Get your pencils out! Harold is a machine learning app using Generative Adversarial Network (GAN) to transform your (very) flat 2D sketches into vibrant 3D models.
The app uses a GAN to transform a input picture of a 2D sketch into a output codified image where elements are easily identifiable by their color. This output image is then post-processed with image-processing techniques to extract structural elements and build the 3D model.
The GAN is based on the pix2pix by Isola et al, and using its tensorflow implementation pix2pix-tensorflow by Christopher Hesse.
The model has been trained on a set of 460 images like the ones shown below. Training took about 60 hours on an Intel CORE i5-6200U CPU processor (2 Cores, 4 logical processors). The model has been trained to identify four types of structural elements:
- Slabs (yellow)
- Walls (green)
- Columns (red)
- Openings (blue) Training the model to identify additional elements could be considered.
In order to easily distinguish elements in image post-processing, the model is trained to associate each elements with RGB colors having 0 or 255 on each channel (e.g. (255,0,0), (0,255,0) or (255,0,255)). This helps to differentiate colors and identify structural elements.

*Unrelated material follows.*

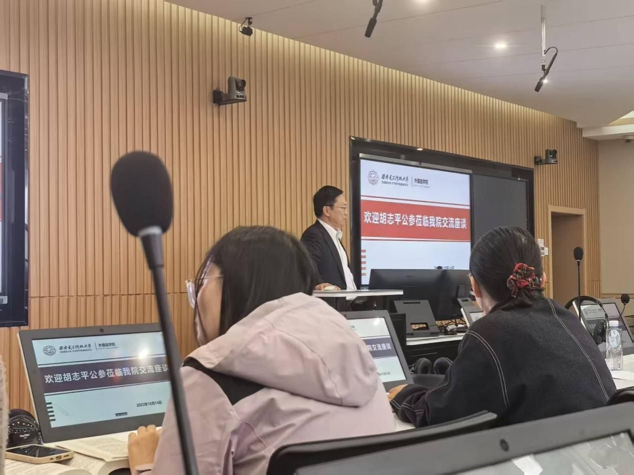 (通讯员:邓罗诗)2025年10月14日下午,由bwin必赢中国官网主办的“中日关系的历史、现状与未来”主题座谈会在信远楼Ⅱ502会议室顺利举行。讲座特邀教育部中外语言交流合作中心原副主任、中国驻日本使馆原公使衔参赞胡志平先生担任主讲,bwin必赢中国官网执行院长陈会林主持,学院党委书记徐战利及学院师生共同参与。

Due to size issues, storing the machine learning model within the app is not a solution. Therefore the trained machine learning model is uploaded in an Azure container with Tensorflow-Serving. The app sends requests to the container through gRPC framework.
To improve your experience you can connect your smartphone camera to your computer thanks to a third party app (like ivCam). You need to install the app both on your iPhone and your PC. Connection can be established through WiFi (both your PC and your iPhone must be connected to the same network, detection is then automatic). Your PC camera will always work as a default option.
Select your camera source in the drop-down list, then click the green PLAY button. Once you are happy with the picture shown on the capture window, click the CAMERA button to take a screenshot. That’s it! You can then play with the number of stories and the horizontal scaling of your model.